Leserbrief
Keine Zeit für Kinder: Trauriges Deutschland

"Frauen in der Teilzeitfalle"

Der Artikel ist ein trauriges Beispiel dafür, wie die Frau als Mutter gesehen wird. Schon allein der Titel "Falle" suggeriert doch schon, es sei etwas Negatives, Böses, in Teilzeit zu gehen. Früher war es völlig normal, dass sich die Mutter Zeit für ihre Kinder genommen hat. Dies geschah dadurch, dass sie entweder in Teilzeit oder aber gar nicht gearbeitet hat.

Dass finanzielle Nachteile entstehen, ist leider Realität und politisches Versagen. Ich finde die Aussage der Arbeitsamt-Mitarbeiterin fatal, die Frau solle "so früh und so viel wie möglich wieder arbeiten". Ich möchte nicht die Frauen ver- oder beurteilen, die dies tun. Die Entscheidung ist von jedem individuell zu treffen. Aber zu welchem Preis wird hier gearbeitet? Ein ganz kleines Kind mit ein, zwei Jahren für 8 bis 9 Stunden täglich in die Krippe? Selbst bei Kindergartenkindern: Wann sieht man sein Kind dann eigentlich unter der Woche noch? Frühmorgens eine halbe Stunde, in der es eilig fertig gemacht wird und abends, wenn eine Stunde für Freizeit bleibt, ehe das Bett schon wieder ruft.

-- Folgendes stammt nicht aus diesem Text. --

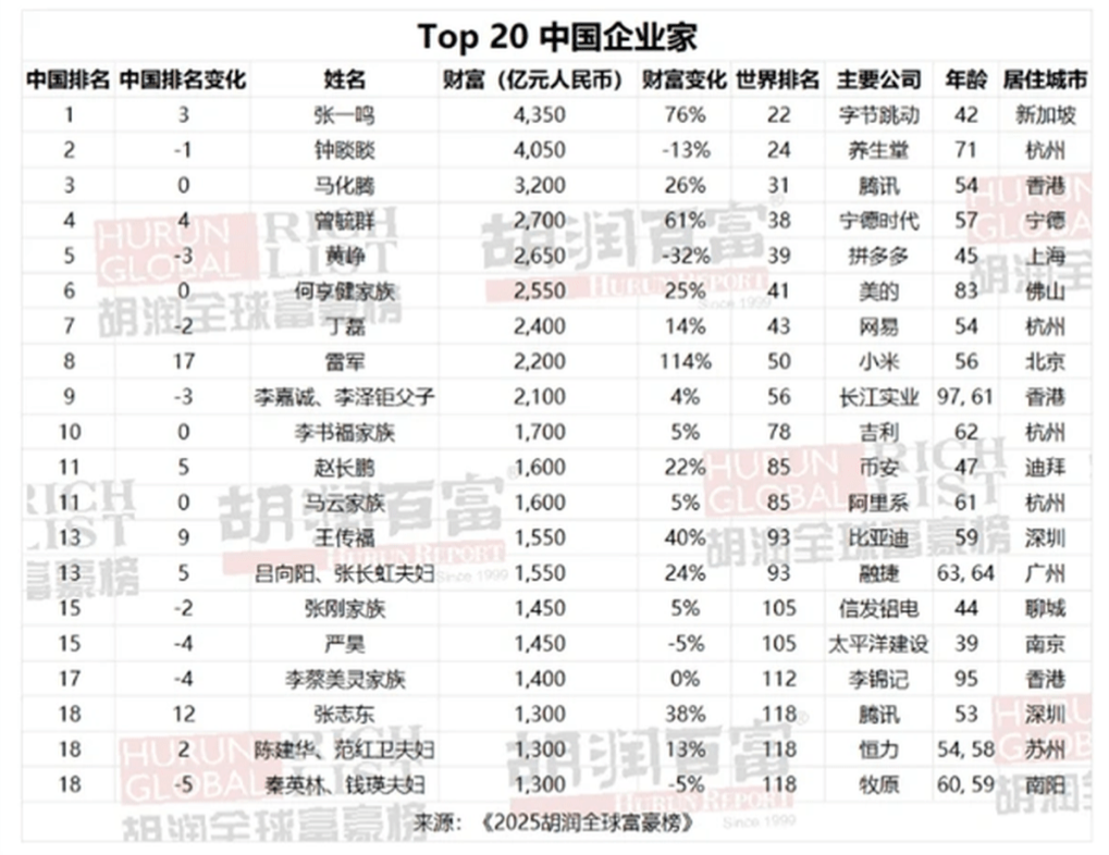 ▲胡潤百富榜,中國20大富豪排名。 胡潤全球富豪榜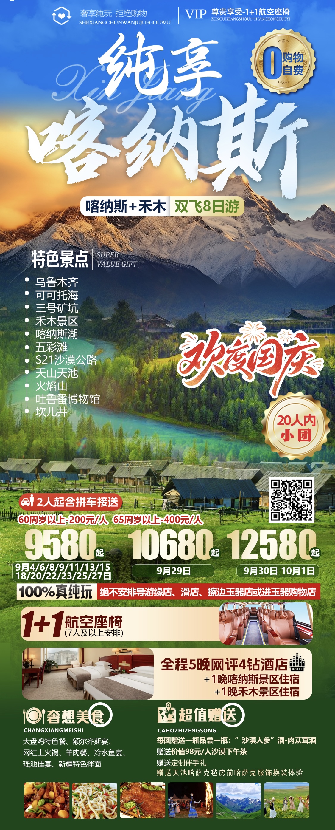 1、喀纳斯景区条件有限,加餐、买东西等各种消费价格较贵,敬请提前做好心理准备;

Arbeiten beide Elternteile Vollzeit, bedeutet das, es ist noch nichts gemacht, wenn man abends von der Arbeit kommt. Es ist nicht eingekauft, gekocht, aufgeräumt, geputzt. Dann kommt der kleine Nachwuchs für ein paar Minuten dran. Die Kindheit sollte heilig sein - leider wird sie wirtschaftlich betrachtet, nicht sozial. Klar, im Kindergarten werden die Kinder mit allem versorgt, was sie brauchen. Essen, Trinken, Spielen, Erziehen durch Erzieher. Die Rolle der Mama übernimmt die nette Tante. Aber die ist und bleibt nicht die Mama. Ein Kind ist nur einmal und auch nur ganz kurze Zeit wirklich Kind.

Wenn man einen Hund vom Züchter kauft, heißt es "Sie arbeiten Vollzeit? Dann verkaufe ich Ihnen den Hund nicht. Wer so viel arbeitet, hat keine Zeit für einen Hund." Aber für ein Kind gelten wohl andere Maßstäbe. Trauriges Deutschland.